Adi Karta, seorang warga Dukuh Karangmangu Desa Logandu adalah satu warga yang sudah membuat sumur gali di belakang rumahnya. Namun, tetap saja, usahanya sia-sia.

“Saya sudah pernah mencoba menggali sumur, patungan dengan tetangga, sampai habis berapa, ya, tapi, ya, tetap saja tidak keluar airnya,” ujarnya.

Tenaga dan biaya yang dikeluarkan pun tidak sedikit. Para tetangga dikerahkan untuk membantunya membuat sumur gali tersebut. Namun, kini sumurnya dibiarkan begitu saja. Bukannya menampung air, sumurnya kini menampung sampah.
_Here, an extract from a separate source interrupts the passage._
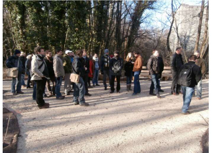
The group of visitors
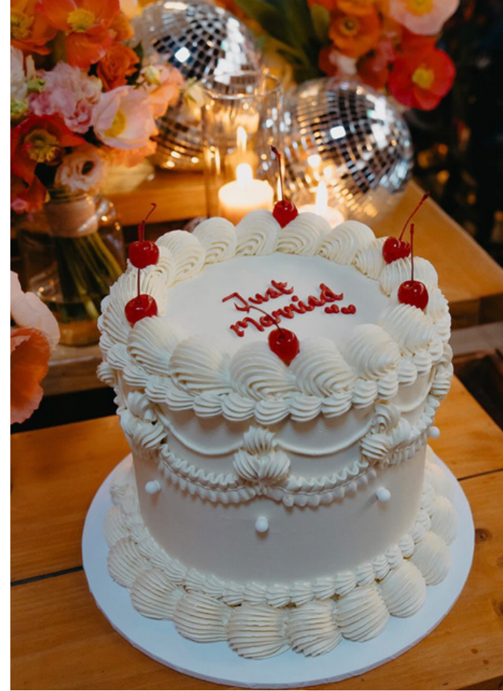
8 inch buttercream cake with vintage piping and maraschino cherries.

6 inch buttercream cake with texture, pearl airbrush and fresh flowers.

Ah, sayang sekali.

Hal serupa dilakukan oleh Almarhum Bapak Suhono, salah satu sesepuh Desa Logandu. Ia pernah membuat sumur gali di halaman barat rumahnya, namun tak bisa menampung air. Kini sumurnya sudah ditutup dengan tumpukan kayu dan tidak digunakan.

“Kalau sekarang sumurnya dibiarkan saja, kan sudah enggak  pernah ada airnya,” ujar Budiarti, salah satu putri Almarhum Bapak Suhono.

Berbagai cara dilakukan untuk mendapatkan air yang cukup untuk memenuhi kebutuhan sehari-sehari mulai dari membuat sumur gali dan sumur sungai agar dapat menjaga ketersediaan air pada musim kemarau seperti saat ini. Juga, warga memasang selang untuk mengalirkan air dari belik menuju rumah.

Sumur yang sengaja dibuat di tengah sungai yang sudah kering menjadi alternatif sumber air yang dapat digunakan untuk tetap mendapatkan air untuk kebutuhan sehari-hari.

Walaupun airnya tidak begitu jernih, namun jaraknya yang dekat dengan pemukiman menjadikan sumur ini banyak dimanfaatkan oleh warga sebagai sarana pemenuhan kebutuhan sehar-sehari khususnya pada musim kemarau.